=== THE DATA ===
_ _ _ _ _
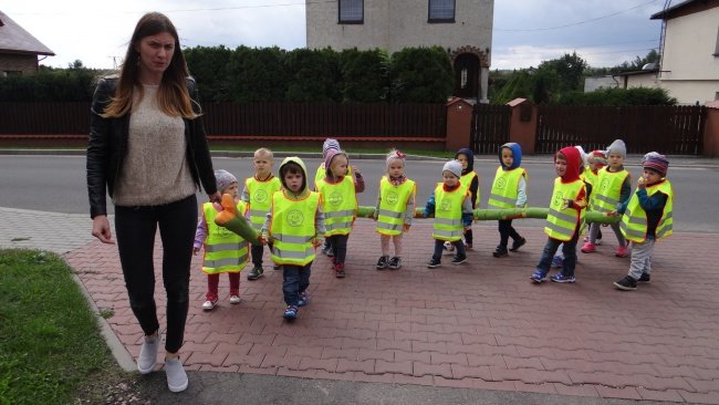 Przed kolejnym spacerem Pani Justynka powiedziała nam o najważniejszych zasadach bezpieczeństwa, które musimy przestrzegać wychodząc poza teren przedszkola. Ubrała nam kamizelki odblaskowe, żeby wszyscy dobrze nas widzieli. Byliśmy skupieni i niezwykle przejęci powagą sytuacji :)
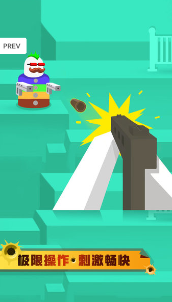 游戏的玩法很特别,不是站着不动射击,角色会一直连续跳跃,大家需要实时的调整枪械的角度,在跳跃的间隙完成狙杀。每次成功打中敌人都会获得很大的增益效果,越打越准,高度也越来越高,形成一个良性的循环。它还有一个部位伤害的玩法,打头部能够获得三倍的爆发式跳跃,打躯干就是普通的高度提升,打四肢能获得一点点的助推,刚开始玩的时候总是掌握不好节奏,在跳跃的状态下很难瞄准,多练几次之后就能找到感觉,这种玩法比普通的射击更有挑战性。
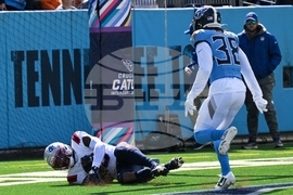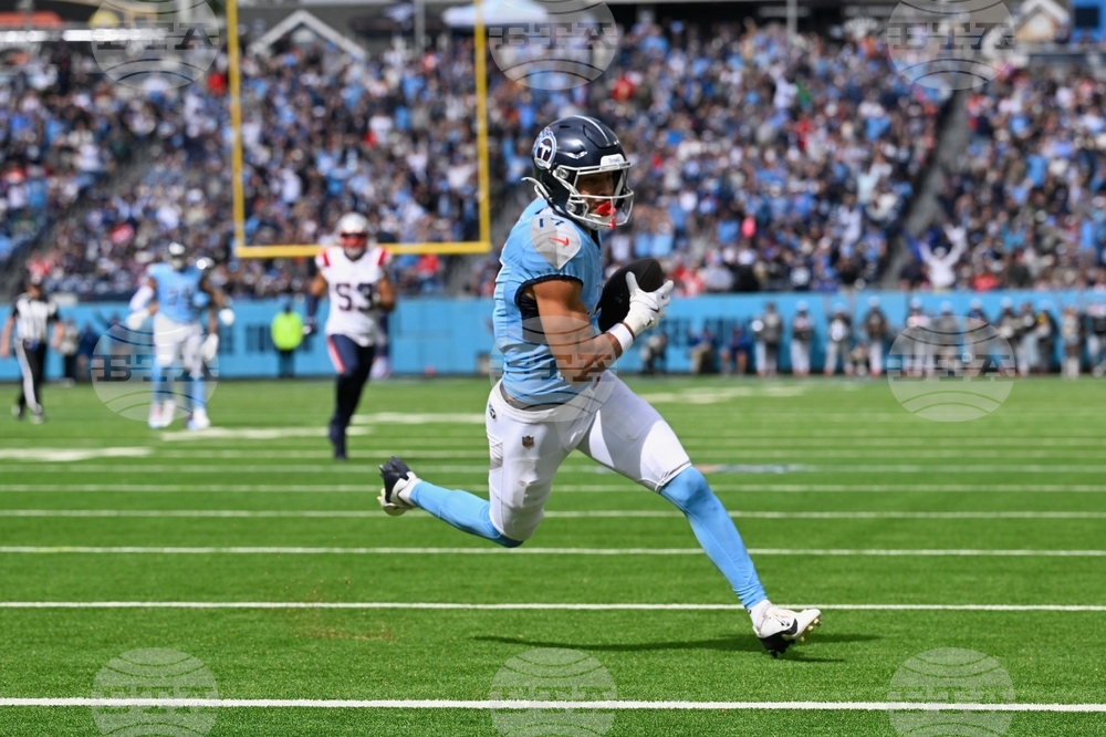 Tennessee Titans wide receiver Chimere Dike (17) makes a touchdown catch during the first half of an NFL football game against the New England Patriots, Sunday, Oct. 19, 2025, in Nashville, Tenn. (AP Photo/John Amis)
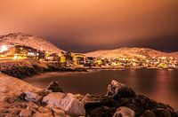 Honningsvag in Noorwegen. Het meest noordelijke puntje bij de Noordkaap, Finnmark. Dit is de skyline van de stad in de poolnacht. Een landschap in de winter met sneeuw en ijs.
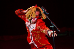 Clown „Dave“ - David Weisheit – lässt per Fernbedienung die Scheinwerfer aufleuchten und mit seiner gestenreichen Untermalung der „Sicherheits-Durchsagen“ nimmt das Opening seinen Verlauf.
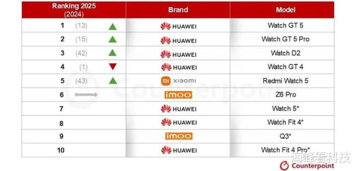 据Counterpoint Research发布的最新数据,2025年,华为在国内智高腕表市集取得了42%的份额,而单品销量前十的机型中,华为更是有7款腕表上榜,成为最大赢家。
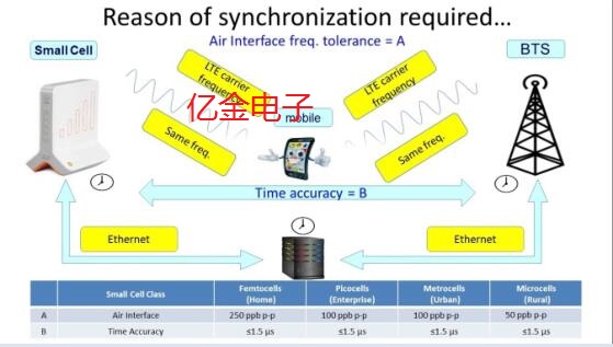 小型蜂窩基站是一種小量用戶端通信基站,其主要作用就是為網絡通信社區減輕一定的負荷,在圖一和圖二中就能夠清楚明了的看出來;其中圖一展示了小型基站用于補充現有基站無法覆蓋的死區(實施前紅色區域)的通信質量(橙色區域),圖二則是表示小型基站可以覆蓋現有基站所覆蓋的流量溢出區域. 小型基站,從其名字就能夠看得出來,這種基站小巧且易于安裝,與現代化基站相比,它的運行成本低時最大的優點,但是為了適應未來業務量的增長,為了有效利用有限的頻譜,LTE通信方案由FDD逐步演化為TDD,但在這種情況下,所需的精度時鐘就會非常高.所以如果采用TDD方案,為提高終端的接收質量,那么基站和小基站之間要求精確的”頻率同步”,和”時間同步”,如圖3所示
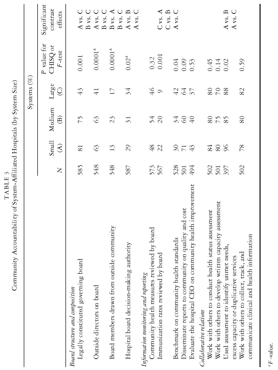 Because health care systems are not uniform in their structures or strategies, global comparisons between freestanding and system-affiliated hospitals may mask important differences among system-affiliated hospitals. To address these concerns, we compared hospitals affiliated with different system attributes––specifically, size, geographic scope, and ownership–– in order to discover how, and to what extent, they express community accountability. Table 3 presents the results for system size. We found several significant differences in structural attributes of the hospital board that are associated with higher community accountability. For example, hospitals in smaller systems were more likely to have a legally constituted governing board (Â D 72:56; p < :001), a higher proportion of outside
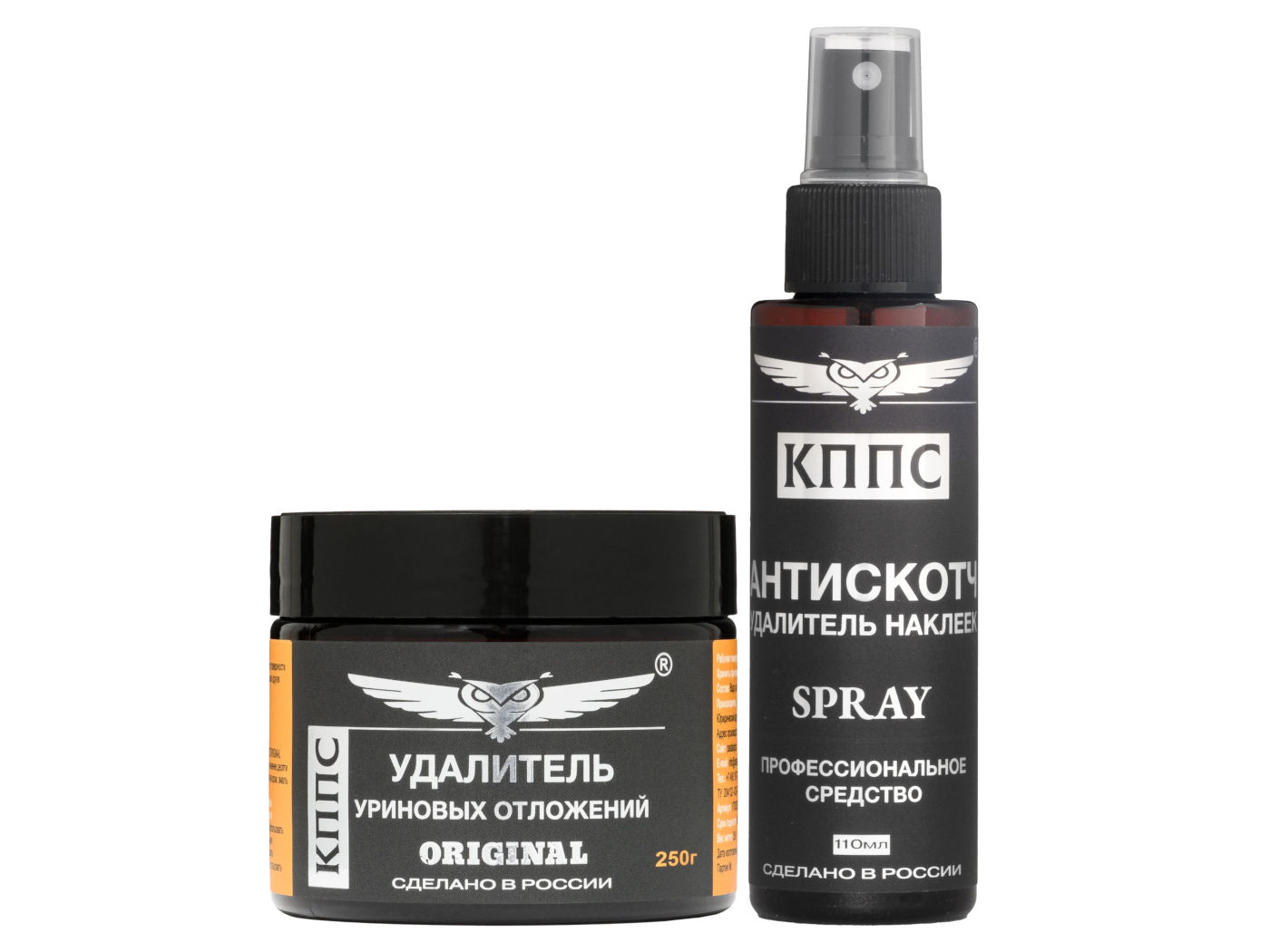 Технические характеристики Удалитель уриновых отложений КППС ORIGINAL (250г) + Антискотч Удалитель наклеек КППС (110мл)
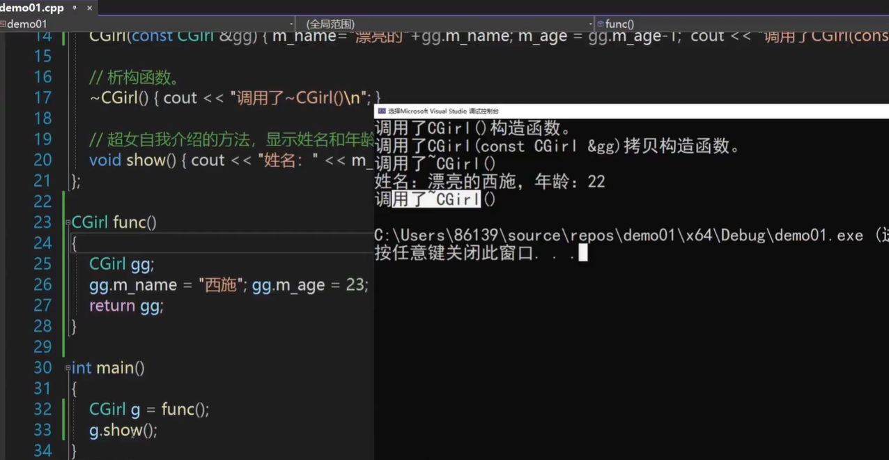 - 如果类中没有定义拷贝构造函数,编译器将提供一个拷贝构造函数,它的功能是把已存在对象的成员变量赋值给新对象的成员变量;
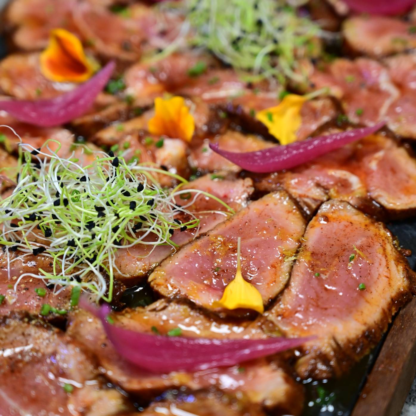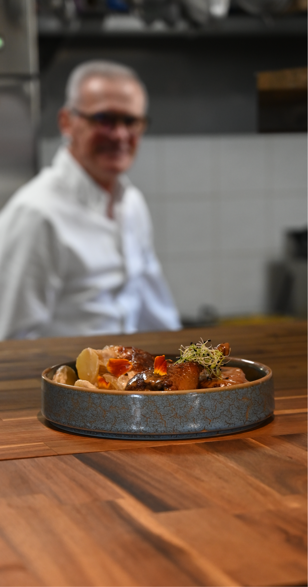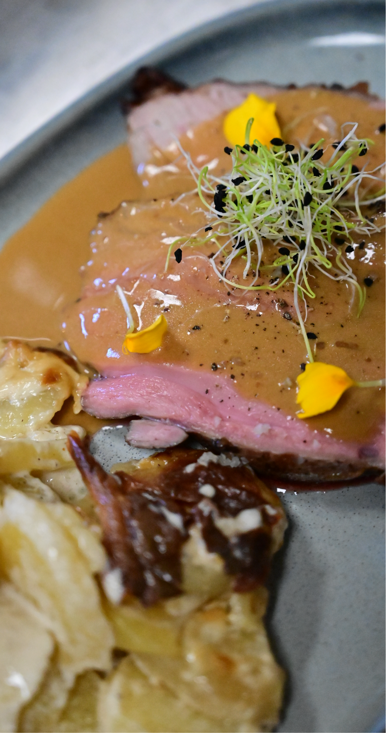 Notre cuisine française à partager s’inspire autant des braises que de l’amitié entre Théo et Boris. Ici, les produits locaux sont privilégiés : circuits courts, producteurs à moins de 10 minutes… sauf pour quelques pièces d’exception comme la Black Angus. Tables en rondins, mélange de moderne et d’ancien, ambiance chaleureuse : tout est pensé pour une expérience à la fois authentique et festive.
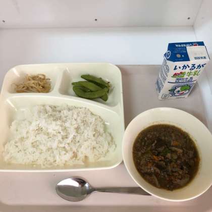 今日の献立は、ご飯、牛乳、マーボーなす、もやしのごま酢あえ、枝豆でした。
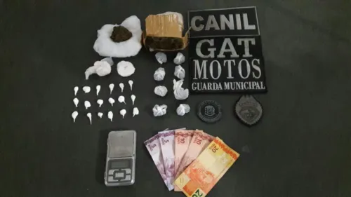 Com apoio do cão farejador Argos, os guardas encontraram 18 buchas de cocaína, 200 gramas de maconha, 8 buchas de maconha, balança de precisão, dinheiro e porções de maconha e cocaína não fracionadas.
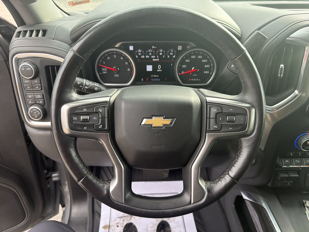 10-Way Power Driver Seat w/Lumbar, 10-Way Power Passenger Seat Adjuster w/Lumbar, 12-Volt Rear Auxiliary Power Outlet, 120-Volt Bed Mounted Power Outlet, 120-Volt Instrument Panel Power Outlet, 15 Diagonal Multicolor Head-Up Display, 2 USB Ports, 2 USB Ports (First Row), 4.2 Diagonal Color Display Driver Info Center, 8 Driver Information Center, Adaptive Cruise Control, Advanced Trailering System, All-Weather Floor Liner (LPO) (AAK), Auto-Dimming Inside Rear-View Mirror, Auto-Locking Rear Differential, Automatic Emergency Braking, Auxiliary External Transmission Oil Cooler, Bed View Camera, Bluetooth® For Phone, Chevrolet Connected Access Capable, Chevytec Spray-On Black Bedliner, Chrome Grille, Chrome Mirror Caps, Color-Keyed Carpeting Floor Covering, Compass, Deep-Tinted Glass, Driver Memory, Dual Exhaust w/Polished Outlets, Electric Rear-Window Defogger, Electronic Cruise Control, Floor Mounted Center Console, Following Distance Indicator, Forward Collision Alert, Front Frame-Mounted Black Recovery Hooks, Front LED Fog Lamps, Front Pedestrian Braking, Front Rubberized Vinyl Floor Mats, HD Rear Vision Camera, HD Surround Vision w/2 Trailer View Camera Provisions, Heated Driver & Front Outboard Passenger Seats, Heated Steering Wheel, Heavy-Duty Air Filter, Hill Descent Control, Hitch Guidance, Hitch Guidance w/Hitch View, Integrated Trailer Brake Controller, IntelliBeam Automatic High Beam On/Off, Keyless Open & Start, Lane Change Alert w/Side Blind Zone Alert, Lane Keep Assist w/Lane Departure Warning, Leather Wrapped Steering Wheel, LED Cargo Area Lighting, LTZ Convenience Package, LTZ Plus Package, Manual Tilt/Telescoping Steering Column, Off-Road Suspension, OnStar & Chevrolet Connected Services Capable, Outside Heated Power-Adjustable Mirrors, Perimeter Lighting, Power Door Locks, Power Front Passenger Windows w/Express Up/Down, Power Front Windows w/Driver Express Up/Down, Power Rear Windows w/Express Down, Power Sliding Rear Window w/Rear Defogger, Power Sunroof, Power Tailgate, Preferred Equipment Group 1LZ, Rear Camera Mirror, Rear Cross Traffic Alert, Rear Dual USB Charging-Only Ports, Rear Rubberized-Vinyl Floor Mats, Rear Wheelhouse Liners, Remote Vehicle Starter System, Safety Alert Seat, Safety Package, Safety Package II, Standard Tailgate, Steering Wheel Audio Controls, Technology Package, Theft Deterrent System (Unauthorized Entry), Trailering Package, Ultrasonic Front & Rear Park Assist, Universal Home Remote, Up-Level Rear Seat w/Storage Package, Ventilated Driver & Front Passenger Seats, Wheels: 20 x 9 Polished Finish, Wi-Fi Hot Spot Capable, Wireless Phone Projection, Z71 Off-Road & Protection Package, Z71 Off-Road Package. Satin Steel Metallic 2022 Chevrolet Silverado 1500 LTD LTZ 4WD 8-Speed Automatic EcoTec3 5.3L V8
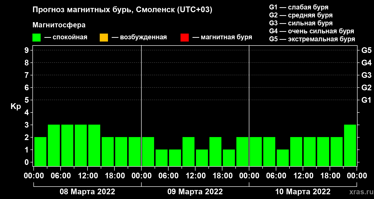 Прогноз магнитных бурь в Смоленске — 8 марта 2022 года
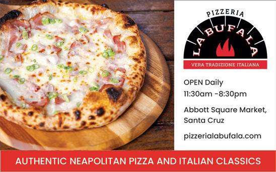 Located in downtown Santa Cruz’s lively Abbott Square Market, Pizzeria La Bufala has been serving authentic Neapolitan pizza since 2017. This cozy spot offers a wide variety of wood-fired pizzas along with favorite Italian dishes like lasagna, gnocchi, meatballs, eggplant parmigiana and tiramisu. The authentic Italian tradition shines through in every dish, making it a beloved destination for tourists and locals alike. Open Su–Th 11:30am–8:30pm, F–Sa 11:30am–9pm.
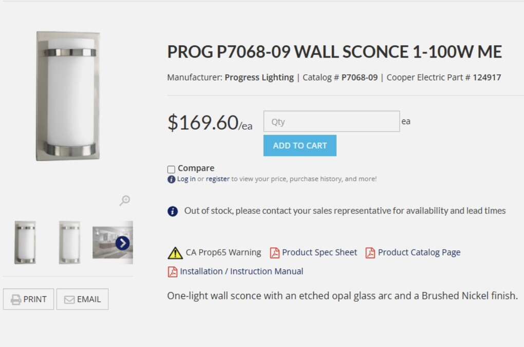 New PROGRESS LIGHTING P7068-09 1-light Ada Wall Sconce- Brushed Nickel and glass shade. 3 available and price is for each
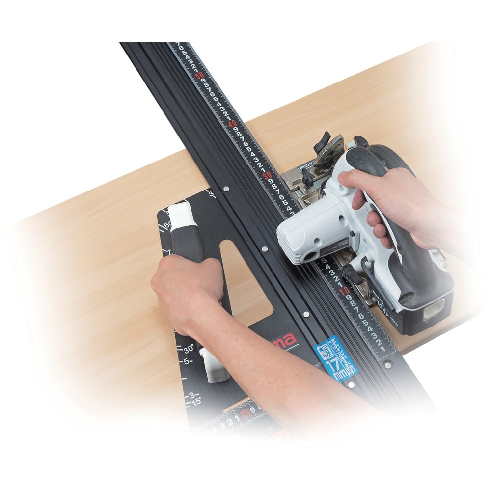 ●丸鋸ピッチ、ボードの割付が簡単にできるボード割付マーク付横目盛です。●簡易的に角度や勾配を確認できる勾配目盛です。●仕舞切りに便利な角度微調整機構を搭載しています。●軽くて丈夫な高精度アルミを採用しています。●底面に滑り止めゴムを埋め込み配置しています。●しっかり押さえられ、滑りにくい新形状グリップです。●3種のビス(100/150/200)を簡単にマークできるビスピッチ目盛です。●石膏ボードに対応した9mmのつきあてを採用しました。●サイディングなど多様なボードに対応した17mmのつきあてを採用しています。●全長(mm):622●幅(mm):310●厚さ(mm):83●呼び寸法(mm):450●有効切断長さ(mm):450●角度精度:450mmにつき±0.45以内●目盛:見やすい継目盛、紅白目盛●直角精度:450mmにつき±0.45以内 質量1.15kg
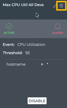 When a rule is filtered by more than one parameter, each is displayed on the card. Leaving a value blank for a parameter defaults to all; all hostnames, interfaces, or sensors.
_ _ _ _ _
=== TASK ===
Within the listing above, the lines starting at the one containing "- 如果类中没有定义拷贝构造" and ending at the one containing "Com apoio do" are to be returned exactly. Omit the pictures.

=== WRITTEN ANSWER ===
 - 如果类中没有定义拷贝构造函数,编译器将提供一个拷贝构造函数,它的功能是把已存在对象的成员变量赋值给新对象的成员变量;
 Notre cuisine française à partager s’inspire autant des braises que de l’amitié entre Théo et Boris. Ici, les produits locaux sont privilégiés : circuits courts, producteurs à moins de 10 minutes… sauf pour quelques pièces d’exception comme la Black Angus. Tables en rondins, mélange de moderne et d’ancien, ambiance chaleureuse : tout est pensé pour une expérience à la fois authentique et festive.
 今日の献立は、ご飯、牛乳、マーボーなす、もやしのごま酢あえ、枝豆でした。
 Com apoio do cão farejador Argos, os guardas encontraram 18 buchas de cocaína, 200 gramas de maconha, 8 buchas de maconha, balança de precisão, dinheiro e porções de maconha e cocaína não fracionadas.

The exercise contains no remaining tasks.